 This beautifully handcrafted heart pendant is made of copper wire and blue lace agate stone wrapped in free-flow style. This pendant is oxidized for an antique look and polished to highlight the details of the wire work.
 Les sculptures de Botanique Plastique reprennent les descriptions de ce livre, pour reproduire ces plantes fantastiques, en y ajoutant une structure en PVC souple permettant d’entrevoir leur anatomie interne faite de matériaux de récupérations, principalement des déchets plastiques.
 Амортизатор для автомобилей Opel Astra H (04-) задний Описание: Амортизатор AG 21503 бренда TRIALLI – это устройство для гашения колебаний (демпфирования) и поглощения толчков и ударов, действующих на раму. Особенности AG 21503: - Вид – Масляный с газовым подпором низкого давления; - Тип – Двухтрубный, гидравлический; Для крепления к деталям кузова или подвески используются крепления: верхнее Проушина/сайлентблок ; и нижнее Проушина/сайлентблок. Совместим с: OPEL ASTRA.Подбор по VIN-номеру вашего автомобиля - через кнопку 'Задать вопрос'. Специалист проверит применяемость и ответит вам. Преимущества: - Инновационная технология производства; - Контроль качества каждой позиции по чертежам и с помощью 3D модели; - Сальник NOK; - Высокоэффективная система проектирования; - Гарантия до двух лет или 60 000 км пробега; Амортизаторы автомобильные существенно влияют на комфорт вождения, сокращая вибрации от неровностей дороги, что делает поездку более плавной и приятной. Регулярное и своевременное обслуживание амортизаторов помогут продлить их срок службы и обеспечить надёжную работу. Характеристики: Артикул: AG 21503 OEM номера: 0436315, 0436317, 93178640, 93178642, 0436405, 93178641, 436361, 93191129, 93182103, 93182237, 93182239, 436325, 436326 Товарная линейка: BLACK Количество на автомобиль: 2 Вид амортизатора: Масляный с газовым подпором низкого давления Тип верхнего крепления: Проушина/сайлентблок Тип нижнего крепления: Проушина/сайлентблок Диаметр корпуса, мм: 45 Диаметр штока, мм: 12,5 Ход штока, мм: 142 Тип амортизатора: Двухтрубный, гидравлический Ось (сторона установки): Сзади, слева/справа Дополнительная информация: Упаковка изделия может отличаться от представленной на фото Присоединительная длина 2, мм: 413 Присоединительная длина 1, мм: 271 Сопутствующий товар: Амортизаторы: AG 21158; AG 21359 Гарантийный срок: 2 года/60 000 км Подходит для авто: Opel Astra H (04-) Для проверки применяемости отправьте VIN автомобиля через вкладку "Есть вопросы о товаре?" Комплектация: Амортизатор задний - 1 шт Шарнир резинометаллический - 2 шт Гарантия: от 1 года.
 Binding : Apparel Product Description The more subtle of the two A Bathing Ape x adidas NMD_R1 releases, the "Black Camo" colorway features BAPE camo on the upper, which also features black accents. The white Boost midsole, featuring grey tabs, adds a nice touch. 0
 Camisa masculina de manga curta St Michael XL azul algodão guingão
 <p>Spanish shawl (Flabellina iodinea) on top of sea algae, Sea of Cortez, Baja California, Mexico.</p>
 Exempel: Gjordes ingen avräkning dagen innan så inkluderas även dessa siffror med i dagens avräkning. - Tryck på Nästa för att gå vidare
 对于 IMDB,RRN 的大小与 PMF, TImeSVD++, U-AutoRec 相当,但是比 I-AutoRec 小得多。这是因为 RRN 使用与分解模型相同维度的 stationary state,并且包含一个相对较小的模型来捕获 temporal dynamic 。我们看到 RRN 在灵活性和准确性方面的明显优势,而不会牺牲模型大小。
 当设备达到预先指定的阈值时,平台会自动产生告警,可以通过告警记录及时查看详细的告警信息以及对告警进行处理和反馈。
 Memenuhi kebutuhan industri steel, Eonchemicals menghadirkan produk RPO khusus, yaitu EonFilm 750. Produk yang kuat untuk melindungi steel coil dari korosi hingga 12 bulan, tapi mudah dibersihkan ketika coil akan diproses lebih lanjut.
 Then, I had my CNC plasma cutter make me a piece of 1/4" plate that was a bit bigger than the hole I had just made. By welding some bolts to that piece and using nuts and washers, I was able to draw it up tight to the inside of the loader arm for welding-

◆ ◆ ◆

Nothing before the line containing "当设备达到预先指定的阈值时,平台会自动产" should be repeated; repeat that line and all later lines through the end of the data above, exactly.

 当设备达到预先指定的阈值时,平台会自动产生告警,可以通过告警记录及时查看详细的告警信息以及对告警进行处理和反馈。
 Memenuhi kebutuhan industri steel, Eonchemicals menghadirkan produk RPO khusus, yaitu EonFilm 750. Produk yang kuat untuk melindungi steel coil dari korosi hingga 12 bulan, tapi mudah dibersihkan ketika coil akan diproses lebih lanjut.
 Then, I had my CNC plasma cutter make me a piece of 1/4" plate that was a bit bigger than the hole I had just made. By welding some bolts to that piece and using nuts and washers, I was able to draw it up tight to the inside of the loader arm for welding-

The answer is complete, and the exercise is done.